BEGIN Source material

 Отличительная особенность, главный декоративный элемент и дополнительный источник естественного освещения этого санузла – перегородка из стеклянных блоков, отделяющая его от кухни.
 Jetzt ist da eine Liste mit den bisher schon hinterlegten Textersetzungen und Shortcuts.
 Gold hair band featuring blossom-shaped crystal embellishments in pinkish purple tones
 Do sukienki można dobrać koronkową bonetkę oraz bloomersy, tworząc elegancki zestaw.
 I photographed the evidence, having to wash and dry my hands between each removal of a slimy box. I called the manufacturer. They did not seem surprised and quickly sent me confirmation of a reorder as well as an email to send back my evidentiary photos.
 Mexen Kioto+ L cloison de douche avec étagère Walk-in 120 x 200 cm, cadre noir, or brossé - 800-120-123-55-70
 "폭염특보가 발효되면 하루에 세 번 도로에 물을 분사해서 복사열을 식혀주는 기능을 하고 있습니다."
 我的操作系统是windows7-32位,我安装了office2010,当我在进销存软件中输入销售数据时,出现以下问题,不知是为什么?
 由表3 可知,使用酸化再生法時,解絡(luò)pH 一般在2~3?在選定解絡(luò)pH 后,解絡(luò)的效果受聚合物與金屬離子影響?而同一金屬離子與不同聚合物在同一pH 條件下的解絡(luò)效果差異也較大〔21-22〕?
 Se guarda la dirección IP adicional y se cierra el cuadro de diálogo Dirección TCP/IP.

END Source material
BEGIN Source material

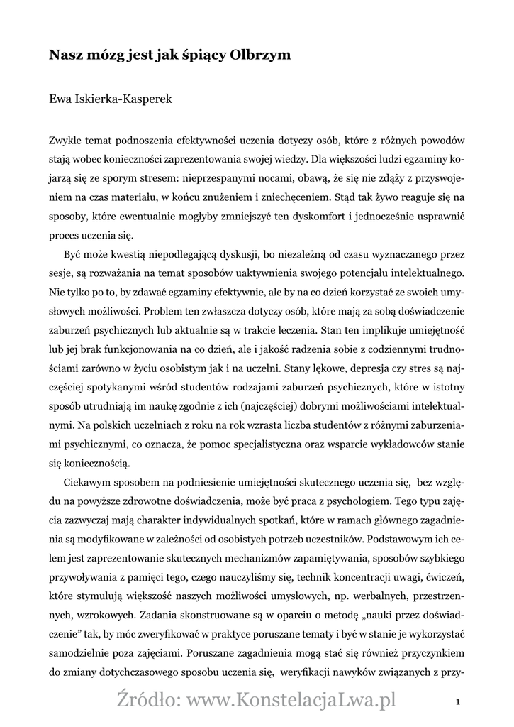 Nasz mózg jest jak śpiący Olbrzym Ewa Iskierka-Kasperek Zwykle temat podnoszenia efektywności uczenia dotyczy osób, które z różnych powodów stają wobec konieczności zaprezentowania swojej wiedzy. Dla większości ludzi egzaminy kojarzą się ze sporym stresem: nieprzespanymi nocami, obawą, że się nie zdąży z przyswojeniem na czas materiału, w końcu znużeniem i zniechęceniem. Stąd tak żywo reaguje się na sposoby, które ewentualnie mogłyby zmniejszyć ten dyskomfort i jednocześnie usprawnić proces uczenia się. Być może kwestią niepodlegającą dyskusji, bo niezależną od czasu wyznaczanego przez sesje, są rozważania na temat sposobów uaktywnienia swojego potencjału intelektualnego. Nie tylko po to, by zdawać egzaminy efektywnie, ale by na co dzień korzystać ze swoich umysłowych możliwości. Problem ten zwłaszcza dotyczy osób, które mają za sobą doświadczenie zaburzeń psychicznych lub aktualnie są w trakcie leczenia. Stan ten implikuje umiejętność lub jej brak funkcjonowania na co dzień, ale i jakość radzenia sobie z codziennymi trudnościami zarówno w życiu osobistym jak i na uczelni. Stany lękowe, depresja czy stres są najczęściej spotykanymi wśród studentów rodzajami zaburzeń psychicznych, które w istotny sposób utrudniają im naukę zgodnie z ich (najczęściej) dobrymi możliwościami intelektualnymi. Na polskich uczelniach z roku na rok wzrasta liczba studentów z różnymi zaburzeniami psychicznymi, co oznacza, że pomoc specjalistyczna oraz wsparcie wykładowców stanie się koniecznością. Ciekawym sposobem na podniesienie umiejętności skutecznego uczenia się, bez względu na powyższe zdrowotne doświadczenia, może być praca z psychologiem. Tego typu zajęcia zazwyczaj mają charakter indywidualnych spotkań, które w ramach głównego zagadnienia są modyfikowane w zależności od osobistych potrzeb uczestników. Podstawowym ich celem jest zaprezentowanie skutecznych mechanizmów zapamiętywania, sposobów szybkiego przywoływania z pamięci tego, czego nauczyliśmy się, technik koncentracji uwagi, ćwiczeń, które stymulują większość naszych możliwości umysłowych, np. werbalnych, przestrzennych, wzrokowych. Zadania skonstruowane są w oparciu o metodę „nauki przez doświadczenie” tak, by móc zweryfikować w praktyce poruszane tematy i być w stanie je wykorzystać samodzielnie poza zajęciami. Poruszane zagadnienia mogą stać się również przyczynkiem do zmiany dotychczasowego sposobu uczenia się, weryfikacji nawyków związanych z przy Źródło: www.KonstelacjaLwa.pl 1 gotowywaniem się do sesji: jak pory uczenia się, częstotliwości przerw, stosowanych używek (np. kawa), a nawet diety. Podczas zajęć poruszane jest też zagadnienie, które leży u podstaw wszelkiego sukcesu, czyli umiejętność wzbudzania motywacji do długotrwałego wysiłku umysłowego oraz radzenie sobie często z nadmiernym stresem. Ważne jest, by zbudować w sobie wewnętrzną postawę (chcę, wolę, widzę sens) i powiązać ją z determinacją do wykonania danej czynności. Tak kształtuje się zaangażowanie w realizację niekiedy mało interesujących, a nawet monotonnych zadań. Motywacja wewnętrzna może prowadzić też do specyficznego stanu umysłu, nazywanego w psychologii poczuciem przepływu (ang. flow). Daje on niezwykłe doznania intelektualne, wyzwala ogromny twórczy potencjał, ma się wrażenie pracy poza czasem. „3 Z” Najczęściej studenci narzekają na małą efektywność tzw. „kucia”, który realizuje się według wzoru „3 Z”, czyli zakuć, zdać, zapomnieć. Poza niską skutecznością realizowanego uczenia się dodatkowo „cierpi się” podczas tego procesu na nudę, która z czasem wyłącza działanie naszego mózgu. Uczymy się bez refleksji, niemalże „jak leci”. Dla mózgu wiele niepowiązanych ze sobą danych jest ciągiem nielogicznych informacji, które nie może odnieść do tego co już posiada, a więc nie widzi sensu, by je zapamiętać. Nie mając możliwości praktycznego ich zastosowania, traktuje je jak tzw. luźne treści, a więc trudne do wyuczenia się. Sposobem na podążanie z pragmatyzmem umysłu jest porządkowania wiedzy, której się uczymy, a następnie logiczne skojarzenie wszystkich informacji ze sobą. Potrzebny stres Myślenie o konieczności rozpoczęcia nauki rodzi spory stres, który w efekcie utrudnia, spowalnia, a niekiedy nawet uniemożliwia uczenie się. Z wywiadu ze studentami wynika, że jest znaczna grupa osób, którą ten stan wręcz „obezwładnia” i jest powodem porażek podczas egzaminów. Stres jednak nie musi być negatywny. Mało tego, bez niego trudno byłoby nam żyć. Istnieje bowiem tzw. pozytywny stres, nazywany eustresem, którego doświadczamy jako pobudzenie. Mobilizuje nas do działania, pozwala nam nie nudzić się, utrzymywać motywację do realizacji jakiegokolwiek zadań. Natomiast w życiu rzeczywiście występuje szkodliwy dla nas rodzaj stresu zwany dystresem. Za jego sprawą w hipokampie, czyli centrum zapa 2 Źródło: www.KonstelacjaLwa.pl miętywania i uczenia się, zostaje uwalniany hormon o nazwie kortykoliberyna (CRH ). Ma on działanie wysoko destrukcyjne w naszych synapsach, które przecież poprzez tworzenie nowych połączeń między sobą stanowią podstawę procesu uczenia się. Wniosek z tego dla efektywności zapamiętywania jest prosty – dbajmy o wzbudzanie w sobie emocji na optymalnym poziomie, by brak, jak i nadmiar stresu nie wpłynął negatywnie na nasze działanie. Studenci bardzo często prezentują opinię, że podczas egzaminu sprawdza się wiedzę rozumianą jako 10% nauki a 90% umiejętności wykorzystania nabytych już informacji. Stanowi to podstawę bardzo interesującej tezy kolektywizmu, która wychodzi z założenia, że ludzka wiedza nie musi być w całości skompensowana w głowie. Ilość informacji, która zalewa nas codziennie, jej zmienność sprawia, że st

END Source material

In the listing above, locate the line with "Jetzt ist da" and the line with "Se guarda la", then extract exactly those lines and every line between them, and nothing more.

— Task result —
 Jetzt ist da eine Liste mit den bisher schon hinterlegten Textersetzungen und Shortcuts.
 Gold hair band featuring blossom-shaped crystal embellishments in pinkish purple tones
 Do sukienki można dobrać koronkową bonetkę oraz bloomersy, tworząc elegancki zestaw.
 I photographed the evidence, having to wash and dry my hands between each removal of a slimy box. I called the manufacturer. They did not seem surprised and quickly sent me confirmation of a reorder as well as an email to send back my evidentiary photos.
 Mexen Kioto+ L cloison de douche avec étagère Walk-in 120 x 200 cm, cadre noir, or brossé - 800-120-123-55-70
 "폭염특보가 발효되면 하루에 세 번 도로에 물을 분사해서 복사열을 식혀주는 기능을 하고 있습니다."
 我的操作系统是windows7-32位,我安装了office2010,当我在进销存软件中输入销售数据时,出现以下问题,不知是为什么?
 由表3 可知,使用酸化再生法時,解絡(luò)pH 一般在2~3?在選定解絡(luò)pH 后,解絡(luò)的效果受聚合物與金屬離子影響?而同一金屬離子與不同聚合物在同一pH 條件下的解絡(luò)效果差異也較大〔21-22〕?
 Se guarda la dirección IP adicional y se cierra el cuadro de diálogo Dirección TCP/IP.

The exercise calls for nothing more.